Before Mr. Krab: ~12,000 input tokens per call
After Mr. Krab: ~3,500 input tokens per call
─────────────────────────────
~70% savings, every single call
Mr. Krab's compression is query-aware. He knows what the user is asking right now and only keeps what's relevant:
| User asks about... | Mr. Krab keeps | Mr. Krab snips away |
|---|---|---|
| "Deploy to production" | Deployment discussions, CI/CD tool docs | Spotify skill, Slack commands, unrelated chats |
| "Play some music" | Spotify skill schema, music preferences | GitHub Issues docs, deployment history |
| "That bug from yesterday" | Yesterday's debugging messages | Today's small talk, unrelated tool definitions |
1. Get your API key from ScaleDown
2. Install & configure
export SCALEDOWN_API_KEY="your-api-key"Add to your ~/.openclaw/openclaw.json:
{
"extensions": ["@scaledown/openclaw-extension"]

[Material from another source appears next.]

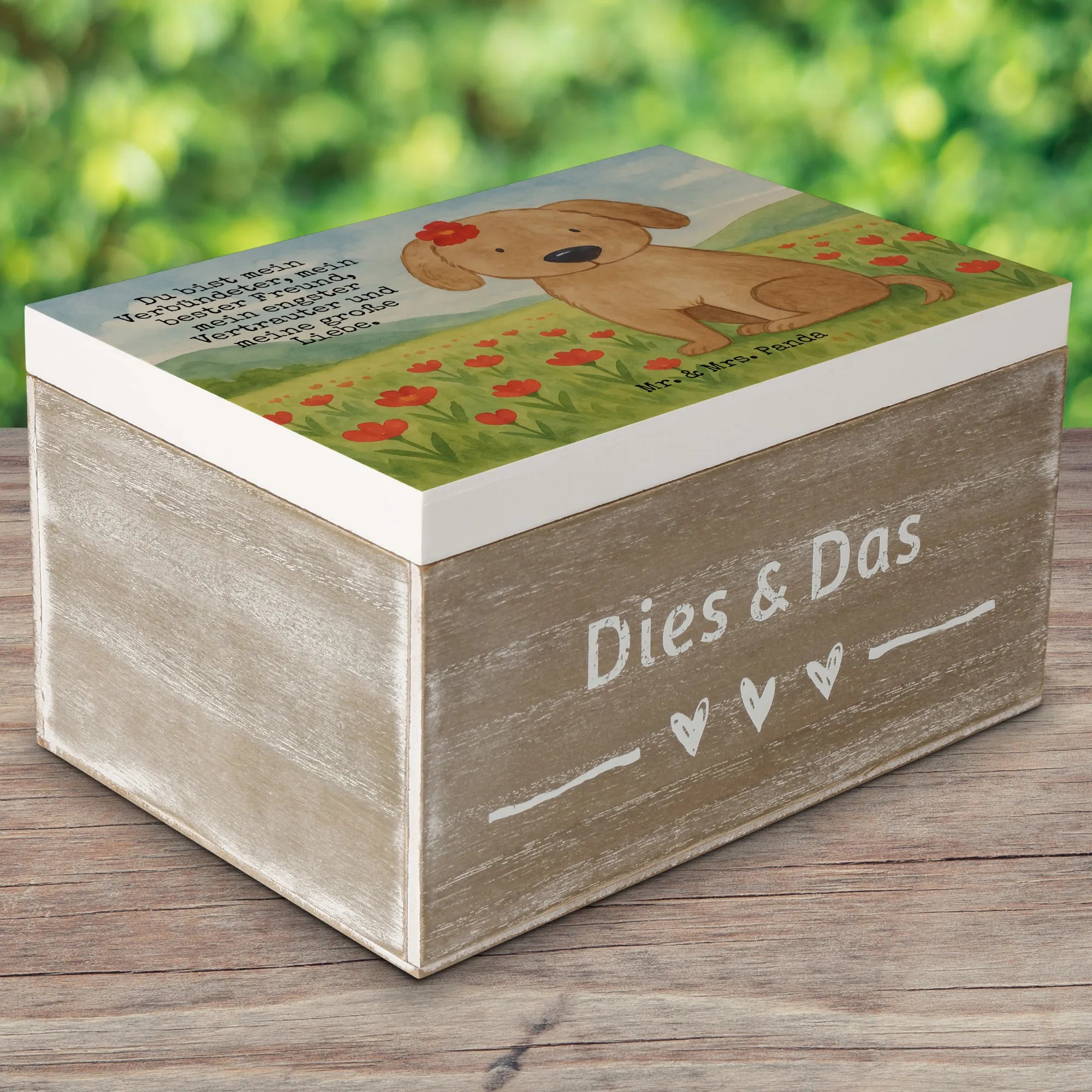 Skrzynia drewniana pies Dama Design - 22 x 15 cm - z napisem

}3. That's it. Mr. Krab gets to work on every LLM call. Check your logs:
[mr.krab] Claws ready — session: true, tools: true, rate: auto
[mr.krab:left-claw] 3200 -> 1120 tokens (65.0% saved)
[mr.krab:right-claw] 8500 -> 2890 tokens (66.0% saved)

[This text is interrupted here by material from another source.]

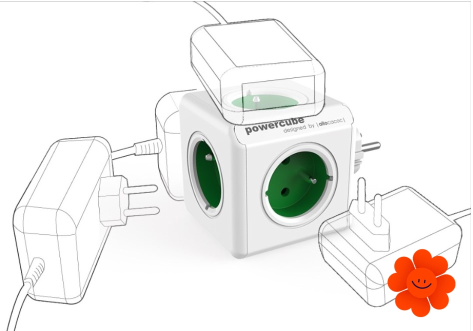 Das Grundmodell der Reihe PowerCube in der grün-weißen Ausführung ist ein Multifunktions-Steckdosensystem, das Ihnen die Anschlussmöglichkeit in fünf Steckdosen anbietet (250V~, 16A, 3680W). Sie können diese Anlage statt der unästhetisch aussehenden klassischen Doppelstecker und Verlängerungskabel anwenden. Es geht um Geräte, deren Design und Funktion attraktiver sind. Dank seiner Anordnung von Steckdosen kommt es nicht zu nutzlosem Blockieren von anderen Steckdosen und Sie können zugleich alle Steckodesen benutzen.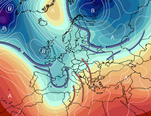 Sulla legittimità di pagine che, pubblicamente e con modi ironici, mettono in luce e criticano quanto, in termini di materiale meteo, è pubblicato sulla rete e considerato non appropriato per qualche motivo, non mi pronuncio perché non sono un esperto di leggi. So, però, una cosa. E so che se, dopo aver fatto uno dei miei semplici e, da semplice appassionato, editoriali meteo, mi vedessi su una di quel tipo di pagine prima di arrabbiarmi analizzerei bene quanto ho scritto onde verificare eventuali inesattezze, errori, strafalcioni, stravaganze. In ogni caso penso che, data la totale assenza di controlli o censure di tipo istituzionale, per quanto si vede e si legge in rete, ben venga, al netto della opportunità di criticare con modi consoni e legittimi, ogni tipo di critica, anche ironica. Ognuno, naturalmente, è libero di giudicare le cose a suo modo; e c’è anche, ad es., chi continua a fare complimenti a previsori che insistono da anni nel vedere e prevedere storiche ondate di freddo che rimangono, ogni volta, nei sogni. Ma se per un mese in parecchi hanno urlato al gelo e a un gennaio di altri tempi, sulla base di carte di lungo termine che, come si sa, hanno il valore che hanno, ed hanno, in alcuni casi, insistito anche quando le medesime carte hanno cominciato a mostrare tendenze meno freddisticamente entusiasmanti, la vogliamo o no, certa meteo, definire, come urlata, sensazionalista, poco realistica ? Esprimo, sempre e naturalmente, il mio personale parere. E dico che, si, lo possiamo e dobbiamo dire, senza mancare di rispetto a nessuno, nei limiti della critica legittima e, evidentemente, facendo, in questo modo, credo, anche il bene dell’informazione. Ed ecco perché il mio livello di attenzione, e non da oggi, verso ciò che, in generale, compare sulla rete, è inversamente proporzionale al grado di urlo o di clamore nonché al grado futuristico se si tratta di previsioni. A tutto questo discorso si conforma, perfettamente, l’evoluzione che si prospetta da qui a fine mese, evoluzione che sconfessa anche le ultime, residue, illusioni fredde, negando, per l’ennesima volta, a molti, la possibilità di vedere realizzate certe loro previsioni o indicazioni precedenti tinte di bianco, di ghiaccio, di siberia e di similari. Perché se in meteorologia il realismo e la prudenza sono elementi obbligati va da sé che siano molto da considerare il basso valore di mappe oltre i 7 giorni ed il valore della statistica che, come si sa, tra le varie ipotesi sul tempo mediterraneo ed italico, non privilegia di sicuro le ondate di freddo storico. Ma tutto può ancora succedere? Beh, non metto mai limiti alla provvidenza. Ma da freddista il vedere che il flusso freddo si allontana sempre di più, si spinge a latitudini sempre più elevate, e che prevale, con le sue depressioni e le sue componenti di ovest, sud-ovest, o anche sud, il grande atlantico, non mi viene di pensare a chissà che cosa e di farmi illusioni, quanto meno. Il disegno mostra la situazione generale prevista intorno ai giorni 24/25 ed è eloquente nel descrivere e rappresentare la tendenza di fine mese descritta…

User sends message -> OpenClaw Gateway
|
|-- before_prompt_build hook fires
| |
| |-- LEFT CLAW ---------> ScaleDown API -----> compressed history
| | (conversation) (query-relevant only)
| |
| |-- RIGHT CLAW --------> ScaleDown API -----> compressed tools
| (52+ tool defs) (relevant tools only)
| (preserve_keywords) (names & schemas intact)
|
| Both claws work in parallel -- minimal latency
|
|-- Compressed prompt sent to LLM (40-80% fewer tokens)
|
'-- llm_output hook -> Mr. Krab logs the savings
Left Claw (Session History) pinches your conversation transcript per query. A 30-message cross-platform conversation gets snipped down to just the messages that matter for the current question.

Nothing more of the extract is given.